1/4/2007

A Picture's Worth Half A Dozen Boners

Jessica Alba in Miami: It’s high tide in our shorts, if you, uh… catch our driftwood. And we’re pretty sure you do, if you know what we mean.

Not an ass-man/woman? That’s okay. Lindsay Lohan has your front, if you text our message. And wr prty shr u do, if you know what we mean.

Not a barely-bikini’d, celeb-man/woman? that’s okay, too. Trip Girl Fernanda Caleffi has your (nsfw), if you (kwwm). And we’re pretty sure you do, if you know what we mean.

all that white stuff in the water actually is semen

The looks on their faces. And she’s still with Cash Warren!? Axe body spray does work.

those are what the germans call ass antlers

Sure, she looks great from behind but if you see those pictures from the front her ribs are starting to show.
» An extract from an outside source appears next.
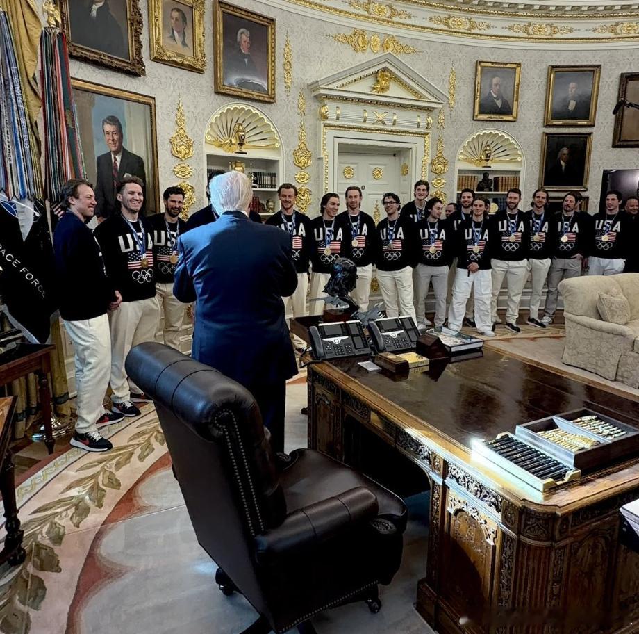 【黄金时代】川普总统在椭圆形办公室接见了美国男子冰球冠军队,队员们欣喜若狂。
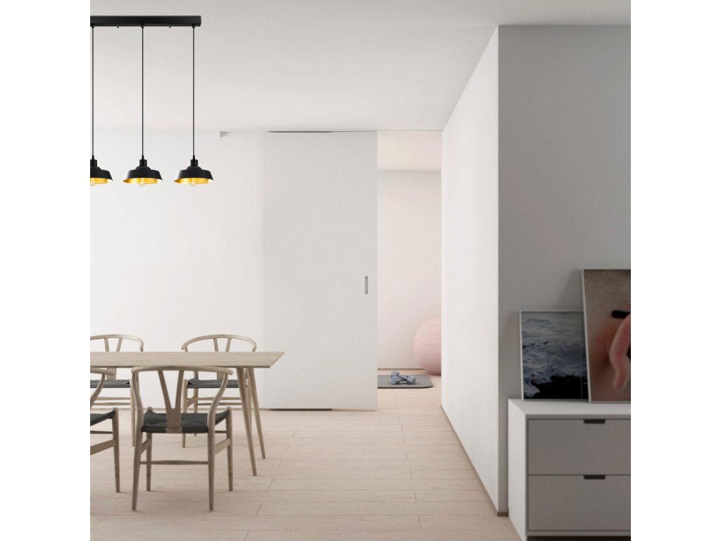 Černý lustr BERCESTE je tvořen podlouhlou základnou, ze které visí tři elegantní stínítka, jejichž zlatý vnitřek umocňuje efekt teplého světla.

She looked better meatier with brestsisis.

sad how Cash Warren has to go down on her constantly and publicly, to tell all other dudes shes his. even on vacation.

i don’t care if that trip girl has a tramp stamp or can’t speak my language. she is ridiculously hot.

i like the color of Linds’ bikini. i swear she has a pump for those things, always changing size.

never enough fronts.

I love the one guy looking the wrong way.

I love how unpretentious they are, you know. She’s not ashamed to be with a shorter man, unlike that crouching hooker Kate Cruise.

Where was that butt in Sin City? She plays a stripper in a movie and we just get to see her in a padded bra. Now this is what should have been there.